This is an appeal from a judgment entered in Kings county, on the report of a referee in favor of the plaintiff.

The defendants, on the 28th of October, 1869, issued a policy on the life of Charles A. Starr, for $6,500, payable at his death to Samuel Leddell. Shortly after this, Starr went to Louisiana, where he remained until his death, on the 18th of March, 1872, and Leddell thereafter assigned his claim on the policy to the plaintiff.

Starr had a written permit from the company, dated November 1, 1869, to go to New Orleans, to reside therein, and return, the permit to expire July 1, 1870. When payment of premium was due, October 27, 1870, Leddell sent an agent to the company's office to pay it. The person in charge of the business at such office required an additional premium of two and a half per cent, because Starr was down south. This agent, the witness Phenix, testifies: "I asked him if he would keep the policy alive until next day, when I would see Mr. Leddell. He said he would. There were two gentlemen inside the desk. I told Mr. Leddell the circumstances." Another witness testifies that he, by Leddell's directions, went the next day to the company's office, and tendered all the regular and extra premium required by the company, and the company's officer refused the money, saying the policy had lapsed, by non-payment of premium and extra risk, the day before.
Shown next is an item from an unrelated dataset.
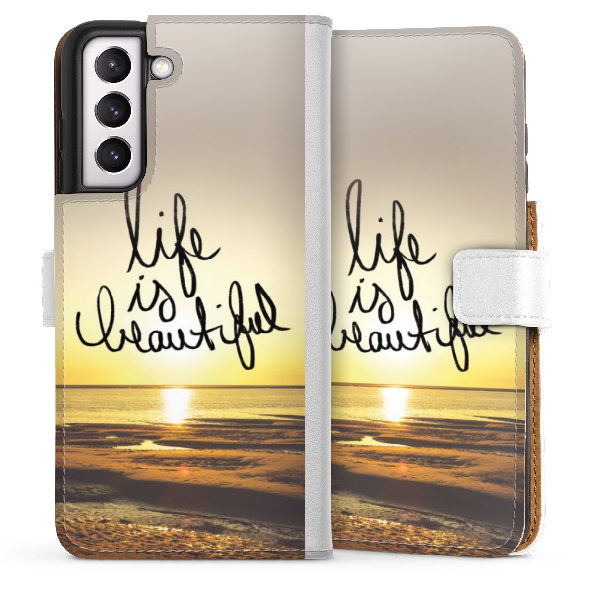 For our Sideflip Case we are using our advanced direct printing technology. The back and frontside are fully printabale, the inside of the phone bag is left unprinted. You can order the phone case without print, printed completely or also with a partial print.

This officer then said that if they had promised to carry it over, they had no right to, and could not.

The defense is, that the policy, by its terms, became void for the non-payment of the yearly premium of $156.32, on the 28th of October, 1870, the day it became due; and further, that Starr's

SECOND DEPARTMENT, FEBRUARY TERM, 1875.

residence south, after July 1, 1870, was without the company's consent, and avoided the policy.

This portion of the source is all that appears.